DataManager is a simple class for managing data produced by multiple
runs of a simulation carried out in separate processes or machines. Each
process is assigned a unique ID and Python Shelf object to write its data
to. Each shelf is a dictionary whose keys must be strings. The DataManager
can collate information across multiple shelves using the get(key) method,
which returns a dictionary with keys the unique session names, and values
the value written in that session (typically only the values will be of
interest). If each value is a tuple or list then you can use the
get_merged(key) to get a concatenated list. If the data type is more
complicated you can use the get(key) method and merge by hand. The idea
is each process generates files with names that do not interfere with each
other so that there are no file concurrency issues, and then in the data
analysis phase, the data generated separately by each process is merged
together.
Methods:
- get(key)
- Return dictionary with keys the session names, and values the values
stored in that session for the given key.
- get_merged(key)
- Return a single list of the merged lists or tuples if each value for
every session is a list or tuple.
- get_matching(match)
- Returns a dictionary with keys the keys matching match and values
get(key). If match is a string, a matching key has to start with that
string. If match is a function, a key matches if match(key).

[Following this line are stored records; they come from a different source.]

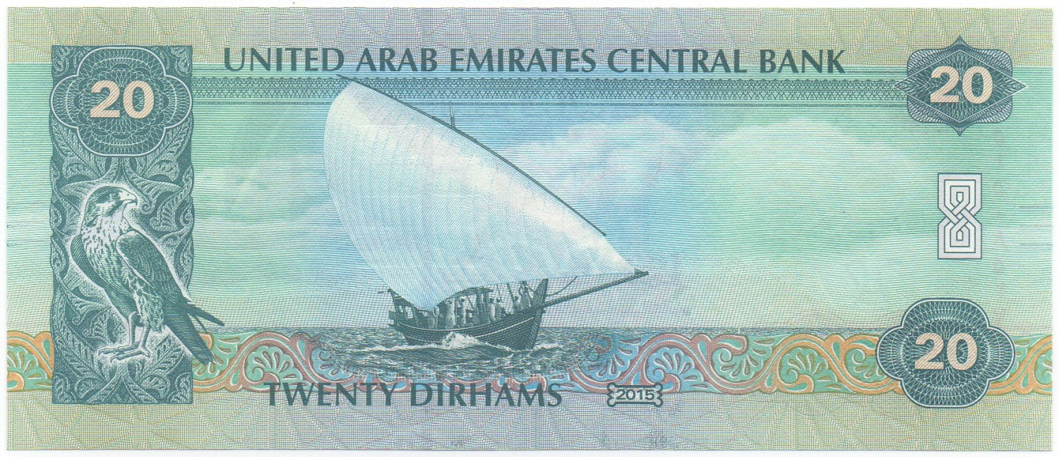 | Comments | Serial Number: Virtical in red at left , Horizontal in black at right. Watermark: Falcon's head , Horizontal lines for sight-impaired. Issuing Authority: United Arab Emirates Central Bank, 2009 - 2016 Issue (2015) New State arms Issue Banknote Size: 14.9 * 6.4 CM Banknote Printer: Other Remark: Replacement Prefix: 999 |
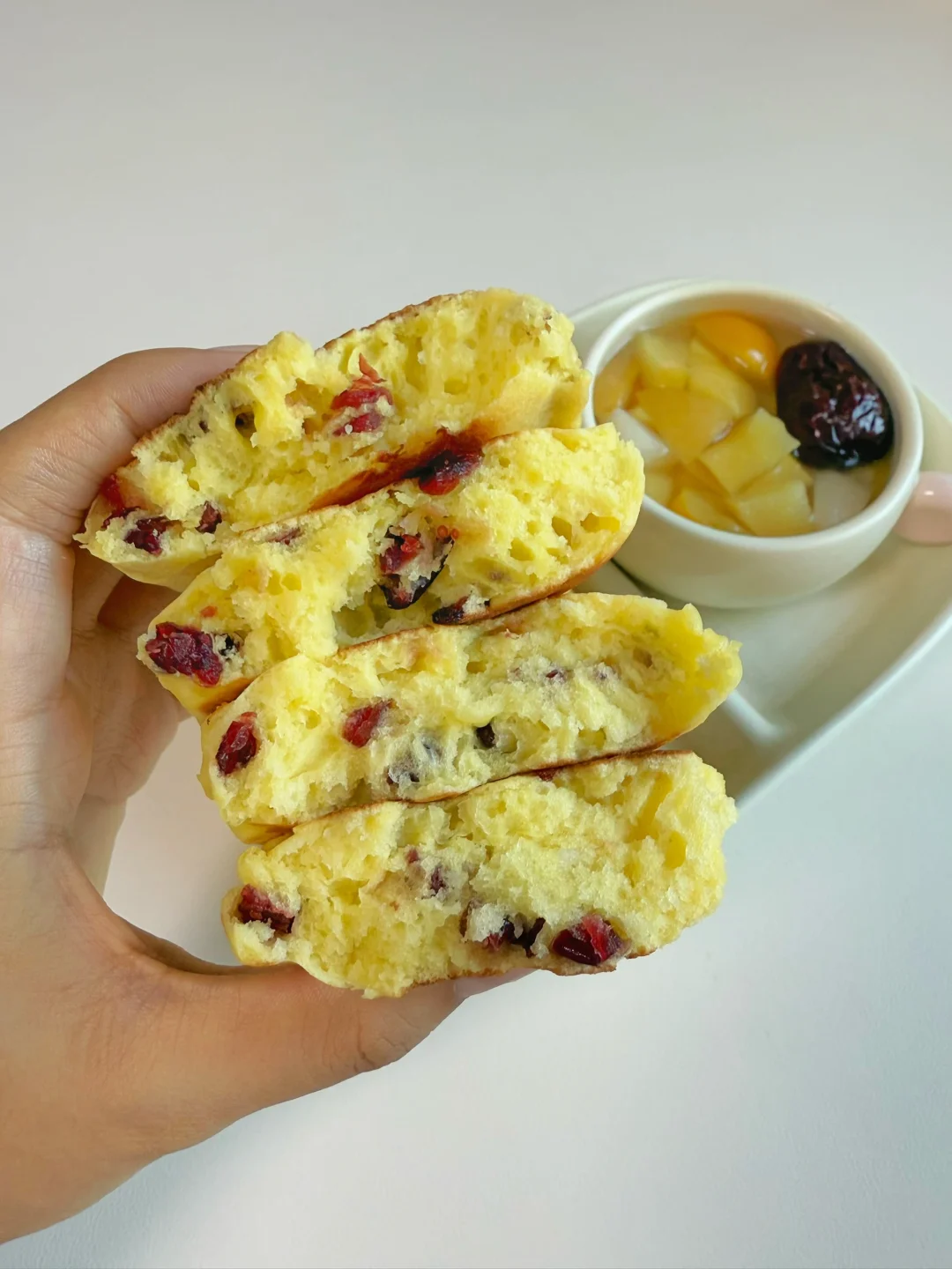 今日早餐分享🍳 蔓越莓发面松饼+蒸水果 姐妹们这个饼真的好好吃🤤🤤 发面饼养脾胃,简单快手,全家爱吃~ [哇R][哇R][哇R][哇R]
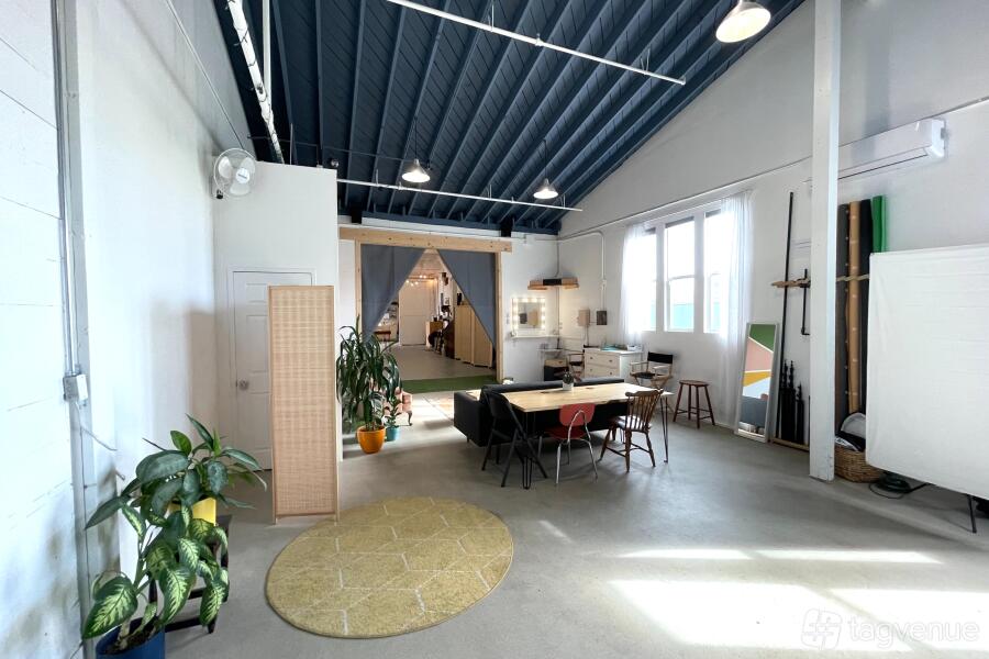 Entryway, Loading Area. Lots of natural light for photo shoots and great for lounging, staging, or airy break area. If you opt to shoot any video in this front room during a weekday, know that you may have to contend with noise from neighboring businesses.
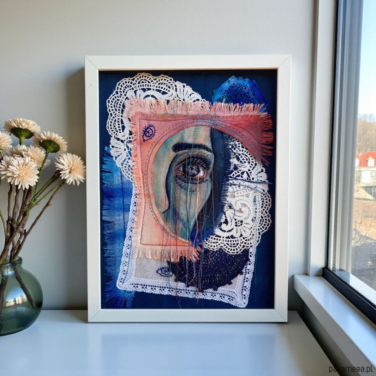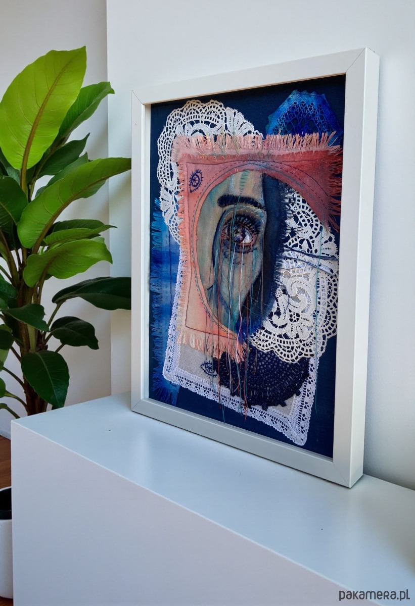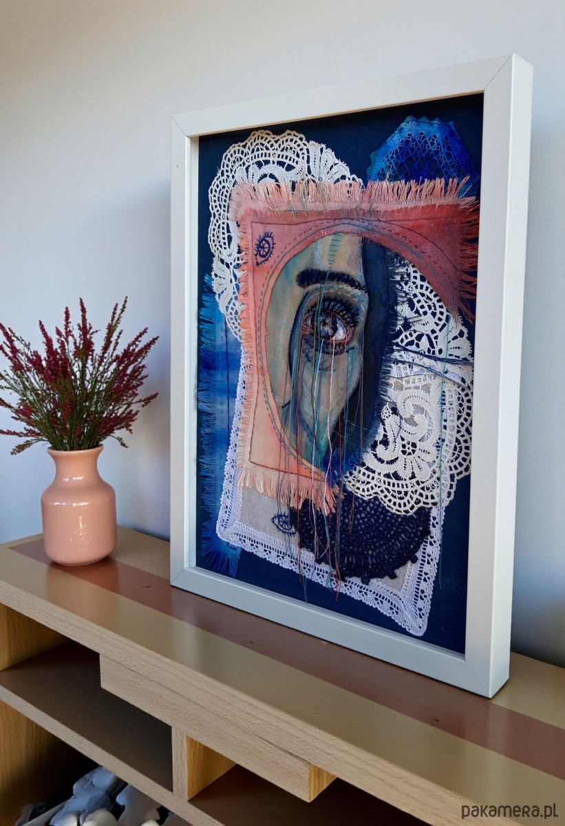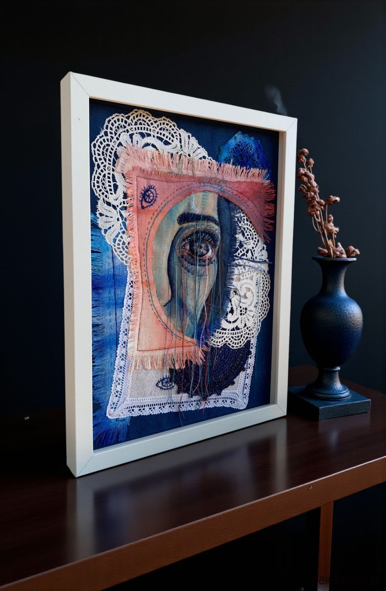 Obraz z kilku tkanin, malowany farbami, oko 3D ręcznie haftowane bawełnianymi nićmi.

- get_merged_matching(match)
- Like get_merged(key) but across all keys that match.
- get_flat_matching(match)
- Returns a straight list of every value session[key] for all sessions
and all keys matching match.
- iteritems()
- Returns all (key, value) pairs, for each Shelf file, as an iterator
(useful for large files with too much data to be loaded into memory).
- itemcount()
- Returns the total number of items across all the Shelf files.
- keys()
- A list of all the keys across all sessions.
- session()
- Returns a randomly named session Shelf, multiple processes can write to
these without worrying about concurrency issues.
- computer_session()
- Returns a consistently named Shelf specific to that user and computer,
only one process can write to it without worrying about concurrency issues.
- locking_session(), locking_computer_session()

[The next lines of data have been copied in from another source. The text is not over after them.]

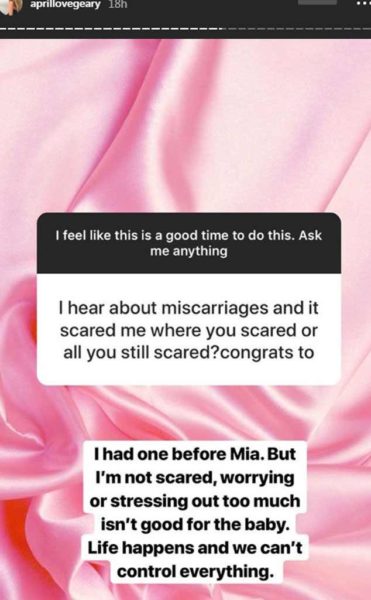 The 23-year-old model shared the information during a Q&A session on her Instagram story when she was asked if miscarriages scared her. She replied saying:“I had one before Mia, But I’m not scared, worrying or stressing out too much isn’t good for the baby.” she went on to add, “Life happens and we can’t control everything.”
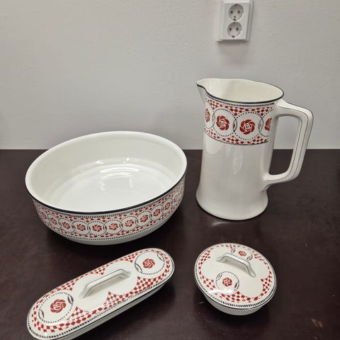 Myyntiin tarpeettomiksi jääneet keramiikka esineet (kulho ja kannu), jotka alun perin hankittu mökkisisustukseen pääsemmättä kuitenkaan koskaan esille.
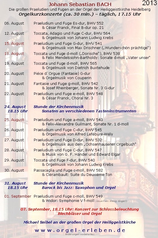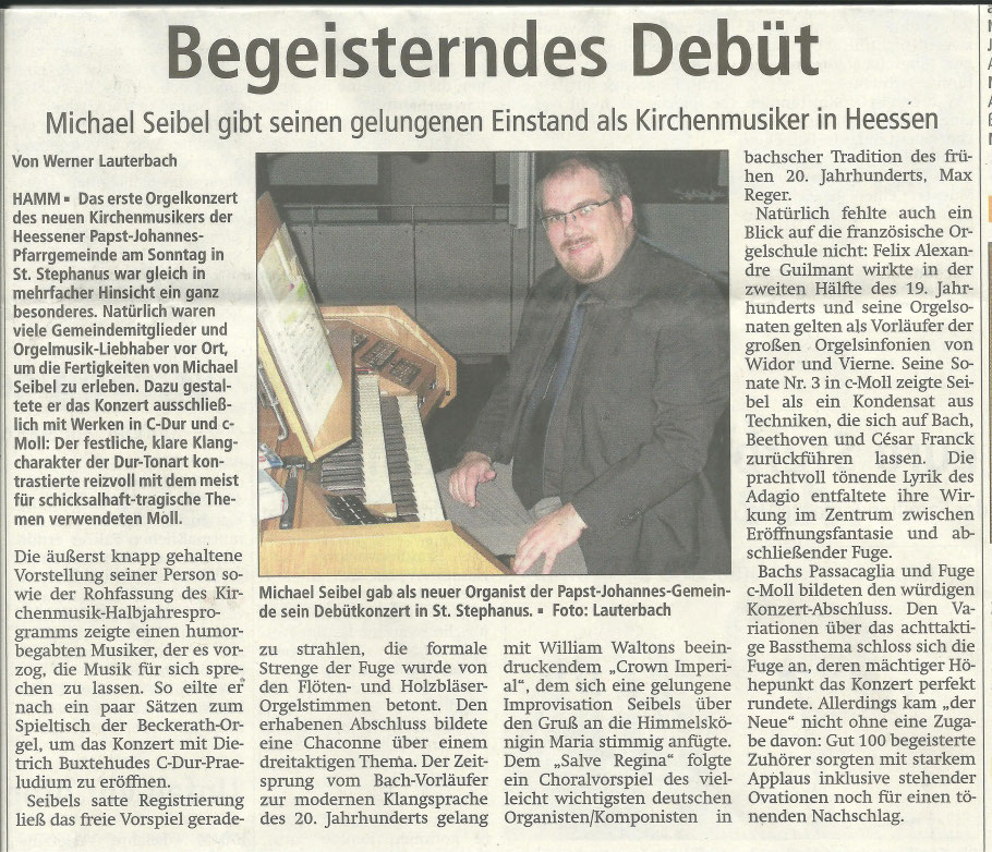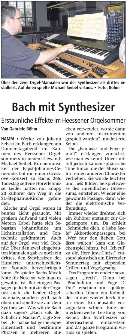 "Organist Seibel zeigt, was die Overmann-Orgel aus dem Jahr 1821 alles kann, wenn Organist und Komponist ihr Werk verstehen: Schalmeien und Donnergrollen, Kirmesmusik und Kirchenmusik, Renaissance und Polka, Meditation und wohlproportionierter Krach. Keine selbstverliebte Technikschau, spielerisch hoch anspruchsvoll und für den Zuhörer ein Erlebnis."
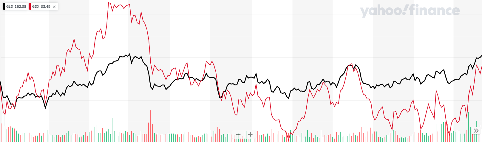 금 가격과 금광업체 ETF는 대부분 같은 방향으로 움직인다.
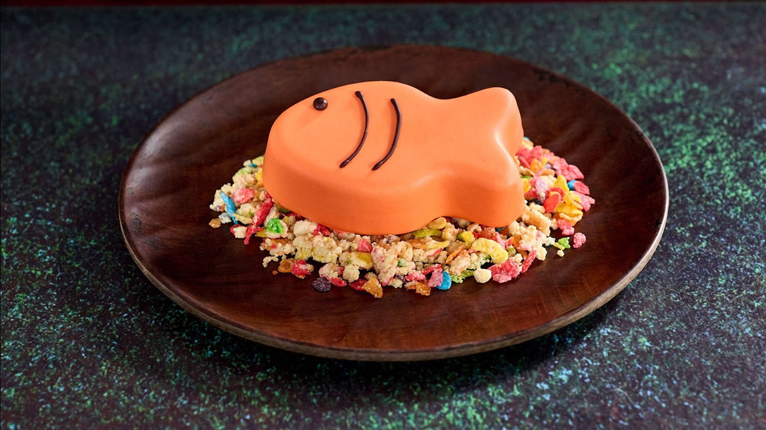 - Stormfly’s Catch of the Day (Mead Hall) – a fun dessert perfect for young Vikings featuring a chocolate mousse fish nestled atop a bed of colorful crispy rice cereal for a delightful combination of creamy and crunchy sweetness

- Returns a LockingSession object, a limited proxy to the underlying
Shelf which acquires and releases a lock before and after every
operation, making it safe for concurrent access.
- session_filenames()
- A list of all the shelf filenames for all sessions.
- make_unique_key()
- Generates a unique key for inserting an element into a session without
overwriting data, uses uuid4.
Attributes:
- basepath
- The base path for data files.
- computer_name
- A (hopefully) unique identifier for the user and computer, consists of
the username and the computer network name.
- computer_session_filename
- The filename of the computer-specific session file. This file should
only be accessed by one process at a time, there’s no way to protect
against concurrent write accesses causing it to be corrupted.